The Center for Medicare and Medicaid Services (CMS), recently released their yearly report on national health expenditures. There were various short and long term trends worth evaluating and taking note of, according to Gordon. “We’re in this really unusual transition time where there are still artifacts of COVID-19 and the government’s response to COVID in this report. You also have expiring provisions in 2025 on things like Affordable Care Act subsidies, and you have the current changes because of the prescription drug negotiations and changes to Medicare part D. All these things are happening at the same time. So you have to look at enrollment issues leading to spending increases or decreases. And then you also look at inflation and healthcare inflation issues that contribute to the projections.”

When asked about some of the longer term trends of healthcare spending in the federal government, Gordon said, “It’s worth highlighting for your listeners the federal budget impact of these different levels of healthcare inflation. If healthcare inflation grows faster than the economy, you have a larger percentage of economic resources devoted to healthcare. Right now, CMS projects us going from 17% of GDP spending on healthcare up to about 20%. That is the traditional assumption that healthcare costs will continue to outpace the growth of the economy over the 2010 to 2020 period. That did not happen.
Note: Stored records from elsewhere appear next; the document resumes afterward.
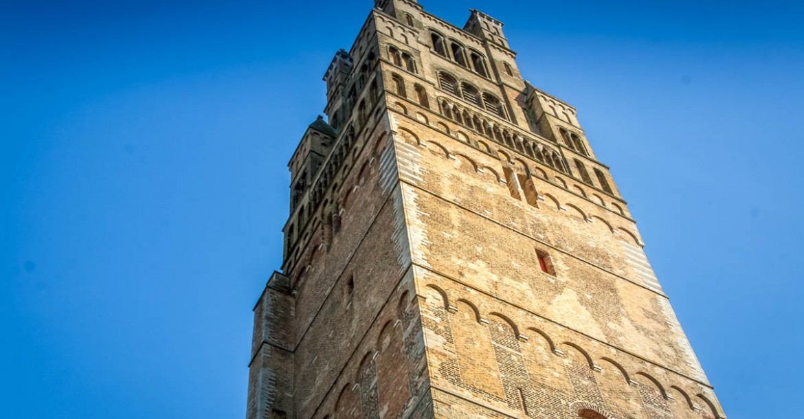 The roof of the cathedral collapsed in a fire in 1839. Robert Chantrell, an English architect, famous for his neo-Gothic restorations of English churches, was asked to restore to Sint-Salvator its former glory. At the same time he was authorized to make a project for a higher tower, in order to make it taller than that of the Onze-Lieve-Vrouwekerk. The oldest surviving part, dated from the 12th century, formed the base of the mighty tower. Instead of adding a neo-Gothic part to the tower, Chantrell chose a very personal Romanesque design. After completion there was a lot of criticism and the royal commission for monuments (Koninklijke Commissie voor Monumenten), without authorization by Chantrell, had placed a small peak on top of the tower, because the original design was deemed too flat. The Neo-Romanesque west tower is fortress-like 99 meters high.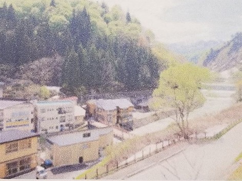 月山から流れる銅山川の美しい肘折(ひじおり)温泉郷の景色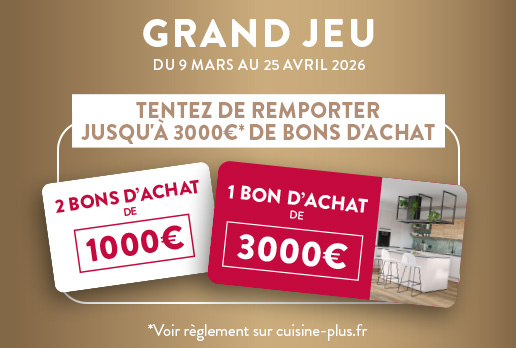 Jusqu'au 25 avril, tentez de gagner l'un des 2 bons d'achat de 1 000€ ou le bon exceptionnel de 3 000€ mis en jeu à l'occasion de notre Grand Jeu Cuisine Plus.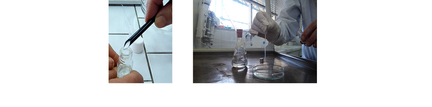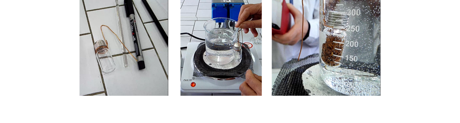 4. Chiudere la fiala con il tappo, assicurandosi che sia ben stretto. Con il filo di rame formare un cappio attorno al collo della fiala e adoperarlo come maniglia (figura 4); usando il filo di rame, immergere la fiala sigillata nel bagnomaria (figura 4) facendo attenzione che non tocchi il fondo e che sia completamente immersa nell’acqua bollente. Se in qualunque momento durante l’estrazione si osserva un flusso di bollicine fuoriuscire dal tappo della fiala, rimuoverla dal bagnomaria, lasciarla raffreddare e stringere ulteriormente il tappo.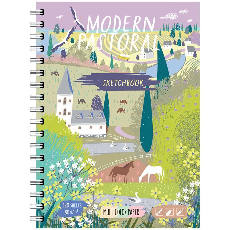 Скетчбук-тетрадь 120л., А5 BG "Pastorale moderne", на гребне, матовая ламинация, трехцветный тонированный блок, твердая обложка, 80г/м2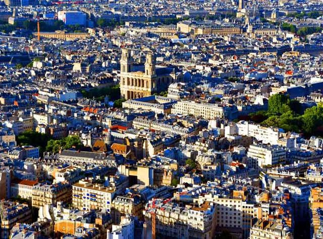 若以香榭大道为分界线,往西看,巴黎的象征--艾菲尔铁塔、荣军院在左岸。更北一些,蒙马特山丘上的圣心堂白色尖顶仿如地标似的耸立,是仅次于埃菲尔铁塔高度的巴黎地标景物。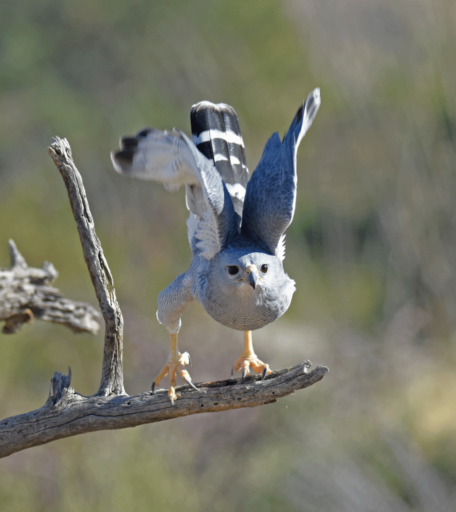 The Arizona-Sonora Desert Museum is a great place to see birds. Most are wild birds that enjoy the habitat that the grounds provide, but some are captive birds that are trained to participate in the museum’s “Raptor Free Flight” program. Below are two photos of a Gray Hawk; one as it’s landing and one as it’s taking off during the program. Gray Hawks sometimes make their way into the Tucson area and we were lucky enough to see one in the wild last spring.

And if you look at the difference between what was projected in 2010 to what actually happened with the slowdown, we saved about a trillion dollars relative to projections for that slowdown in healthcare cost growth from the 2010 to 2020 period. So these very small changes in the rate of growth of healthcare costs make a huge difference from a budgetary perspective.”

Moving on to Robinson’s latest issue brief, he provided an overview of the history of means testing and the purpose of his latest piece. “Means-testing has some great political appeal. The argument you often hear is, people like Warren Buffett, they have millions and billions of dollars and clearly they don’t need their Social Security and Medicare benefits to survive. You could reduce benefits for the rich because they don’t need them, and the government would save the money. But traditionally means-testing actually has had a slightly different meaning. Welfare programs like the SSI Program, food stamps, and Medicaid – those programs are means-tested, which means that the Government provides certain federal benefits to low income individuals. And as your income rises, those benefits are phased out or eliminated.”
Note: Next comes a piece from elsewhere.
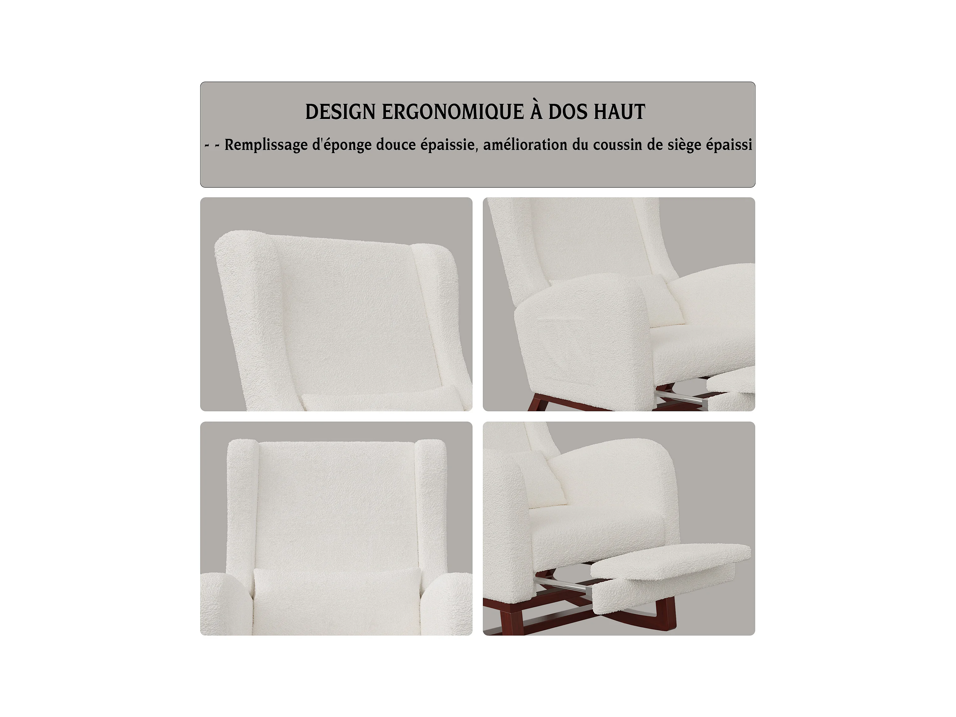 Mecedora blanca de peluche con soporte lumbar, diseño moderno y acogedor para salón o dormitorio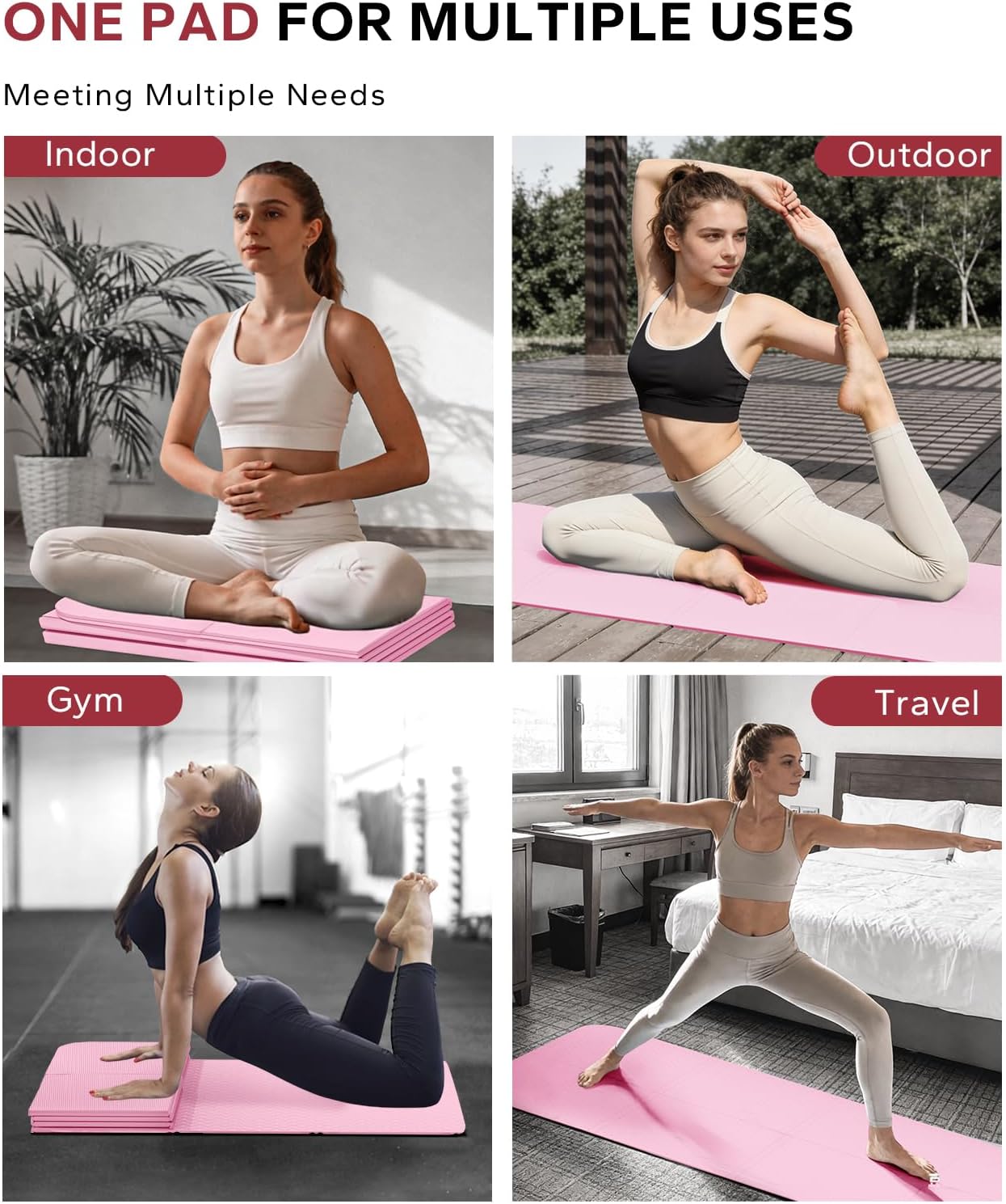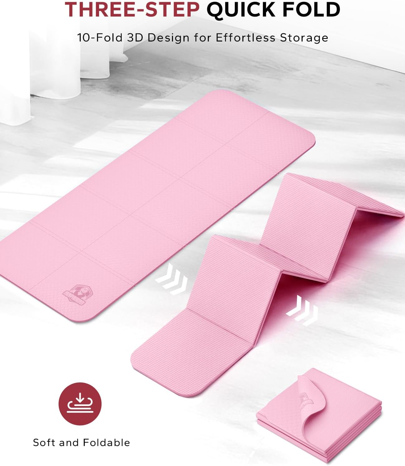 Foldable & House-Saving Design:Unfolds to a full-size 72″x24″x0.24″ folding yoga mat for ample motion area—then folds right down to a compact 15″x12″x4″(70% smaller than rolled mats). It tucks simply into the included carry bag, taking on minimal room in suitcases, backpacks, or closet storage.

“What Concord had proposed many years ago, and what I write about in my latest issue brief, is taking the means-testing concept from the welfare side of the equation and applying it at the higher end of the equation to say we could just phase out benefits for high income folks in the case of welfare programs and broader social insurance programs. You would obviously achieve some savings but one of the conclusions of my paper is that you don’t save nearly as much as you might have thought.”

Hear more on Facing the Future. Concord Coalition Executive Director Bob Bixby hosts the program each week on WKXL in Concord N.H., and it is also available via podcast. Join us as The Concord Coalition team discusses issues relating to national fiscal policy with budget experts, industry leaders, and elected officials. Past broadcasts are available here. You can subscribe to the podcast on Spotify, Pandora, iTunes, Google Podcasts, Stitcher, or with an RSS feed. Follow Facing the Future on Facebook, and watch videos from past episodes on The Concord Coalition YouTube channel.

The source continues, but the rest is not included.